See? We have conditions on our love. I'd join my gal for werewolvery, most likely hit up a life of lightless blood-drinking, but when it comes to being a mindless meat-machete it's game over! I guess I could say I would kill my zombie-bride out of love because I couldn't bear to see her in such a horrid state (nothing cool about zombies, kids), but that'd be lying to you all. The conditions of my love are set pretty high, though, so I feel like I'm on pretty good ground.

Monday, June 8, 2009

She's a Lucky Girl...

In most things in life, I consider myself plagued by abysmal luck. I've never won a game of Bingo, I rarely luck out with a great parking spot or fast checkout lane, and I don't even bother playing the lottery. I have come to accept the fact that in a past life, I committed some terrible crimes against humanity that I now have to pay for in this life.

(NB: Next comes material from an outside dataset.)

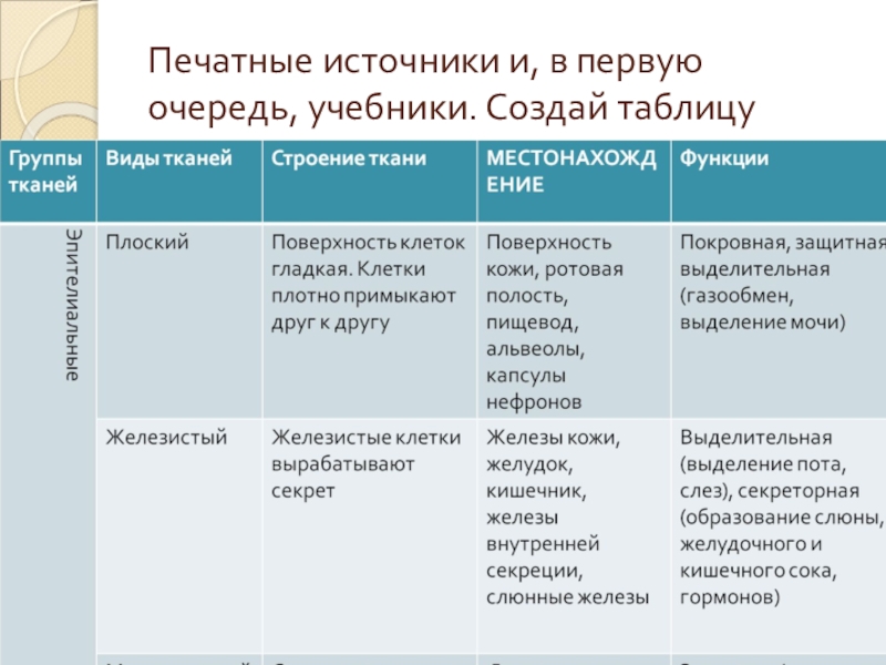Слайд 50Печатные источники и, в первую очередь, учебники. Создай таблицу

Or, perhaps, all of the luck in my life was focused on one main thing, one event that changed my life irrevocably for the better: meeting and falling in love with my husband. Not only that, but he fell in love with me back. For both of us, since that first 14-hour marathon date over five years ago, there has been no one else.

Our relationship is not perfect. There are ups and downs: some more up and some more down than others. But this is how love works; you don't move through a relationship in a linear fashion. You don't love each other the same from one day to the next, or even steadily more or less from day to day. Love evolves and changes from day to day, month to month, year to year. There are fits and starts, bursts of love and bursts of anger. Some days it's easier to accept the other person just as they are, and some days you want to scream if you see that same tick one more time. An overwhelming majority of the time I'm happy or content in my relationship and in life with my husband. That's what counts.

Here, I will chronicle the dichotomy: the bursts of love and joy I have with my husband, and those times when I wonder how we ended up together in the first place.